*** Block opens ***

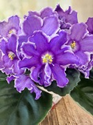 Цветы темно синего цвета с широкой белой каймой (до 3 см) с небольшими розовыми фэнтези на лепестках. Цветок диаметром 6,0- 6,5 см. Розетка компактная. Необычная форма цветков.
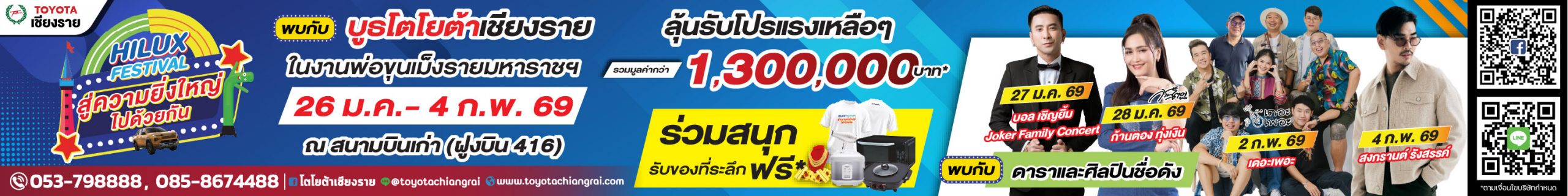 1 คนให้ = หลายชีวิตได้โอกาส มาร่วมเป็นผู้ให้ ด้วยการบริจาคโลหิต เพราะทุกหยดเลือด คือ ความหวังของผู้ป่วย 23 ม.ค. 2569 | 09.00–12.00 น. ณ โชว์รูมโตโยต้าเชียงราย สำนักงานใหญ่ สอบถามเพิ่มเติม โทร.081-9808118
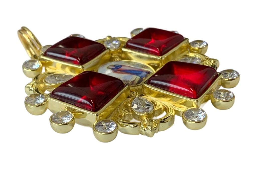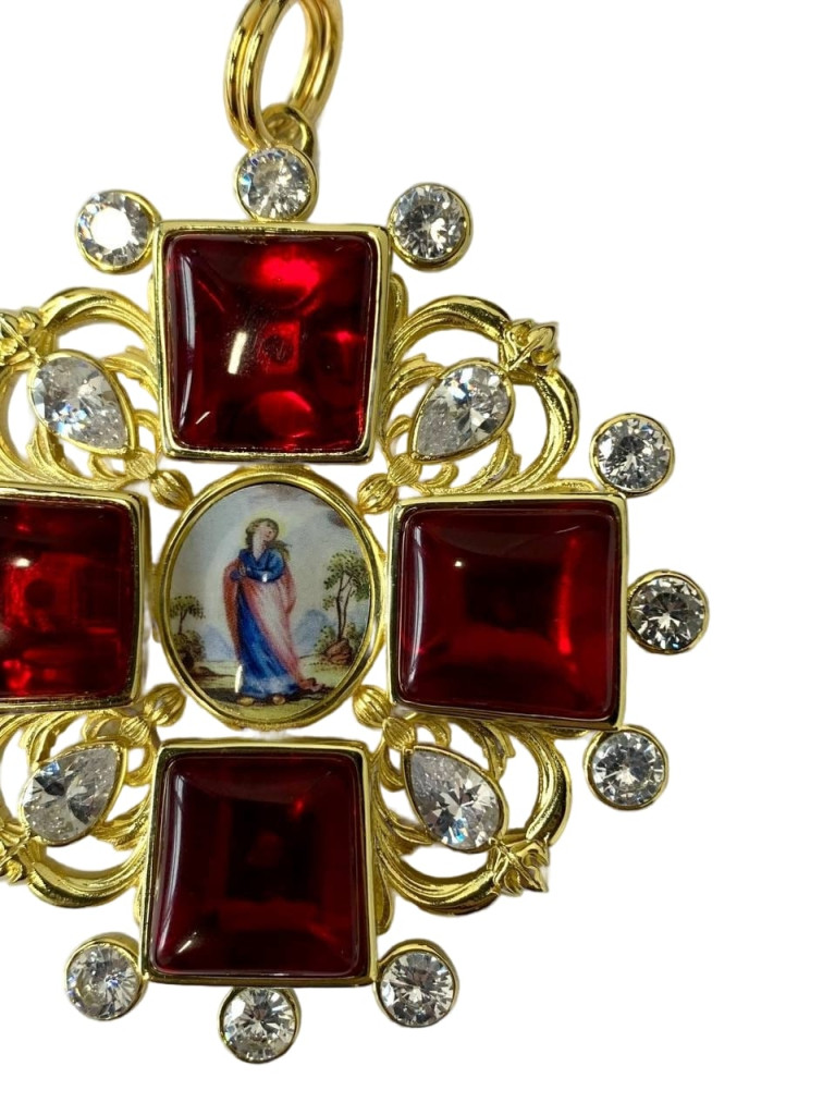 Высококачественная копия знака (крест 2-го типа) ордена Святой Анны первого класса, украшенного алмазами/бриллиантами, периода конца XVIII – начала ХIХ веков. Размер 75 на 80 мм (с ушком), вес с промзвеном около 87 грамм, изготовлен из ювелирного сплава, выполнено золочение и серебрение (оправа камней), имитация двенадцати бриллиантов округлой (диаметр 5 мм) и четырех каплевидной «груша» (6 х 10 мм) формы из белого стекла, все четыре луча креста выполнены с использованием красного полированного стекла. Центральный медальон аверса и реверса выполнен финифтью. Носился знак в узле орденской шелковой муаровой ленты, шириной 100 мм через левое плечо совместно со звездой ордена, носимой на правой стороне мундира.
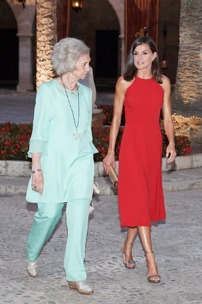 A siren as always, Letizia stunned in a bright red midi-dress worn to a dinner for authorities at the Almudaina Palace. With Queen Sofia wearing a gorgeous teal ensemble, the pair made the ultimate style statement.
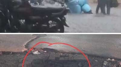 खुले नाली के गड्ढे में गिरा ऑटो-नागरिकों में आक्रोश
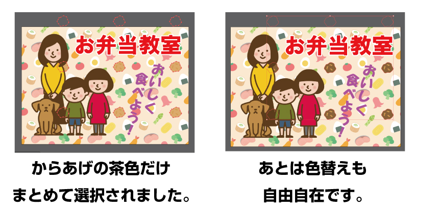 どうでしょうか。「からあげ」の茶色が一斉に選択されましたね。この状態でカラーを変えてやれば、すべての「からあげ」の茶色を濃くすることも薄くすることも自由自在です。

*** Block closes ***

PROMPT:
Only the pictures stay out; the rest of the entries above must be written out exactly.

THE COMPLETED TASK:
 Цветы темно синего цвета с широкой белой каймой (до 3 см) с небольшими розовыми фэнтези на лепестках. Цветок диаметром 6,0- 6,5 см. Розетка компактная. Необычная форма цветков.
 1 คนให้ = หลายชีวิตได้โอกาส มาร่วมเป็นผู้ให้ ด้วยการบริจาคโลหิต เพราะทุกหยดเลือด คือ ความหวังของผู้ป่วย 23 ม.ค. 2569 | 09.00–12.00 น. ณ โชว์รูมโตโยต้าเชียงราย สำนักงานใหญ่ สอบถามเพิ่มเติม โทร.081-9808118
 Высококачественная копия знака (крест 2-го типа) ордена Святой Анны первого класса, украшенного алмазами/бриллиантами, периода конца XVIII – начала ХIХ веков. Размер 75 на 80 мм (с ушком), вес с промзвеном около 87 грамм, изготовлен из ювелирного сплава, выполнено золочение и серебрение (оправа камней), имитация двенадцати бриллиантов округлой (диаметр 5 мм) и четырех каплевидной «груша» (6 х 10 мм) формы из белого стекла, все четыре луча креста выполнены с использованием красного полированного стекла. Центральный медальон аверса и реверса выполнен финифтью. Носился знак в узле орденской шелковой муаровой ленты, шириной 100 мм через левое плечо совместно со звездой ордена, носимой на правой стороне мундира.
 A siren as always, Letizia stunned in a bright red midi-dress worn to a dinner for authorities at the Almudaina Palace. With Queen Sofia wearing a gorgeous teal ensemble, the pair made the ultimate style statement.
 खुले नाली के गड्ढे में गिरा ऑटो-नागरिकों में आक्रोश
 どうでしょうか。「からあげ」の茶色が一斉に選択されましたね。この状態でカラーを変えてやれば、すべての「からあげ」の茶色を濃くすることも薄くすることも自由自在です。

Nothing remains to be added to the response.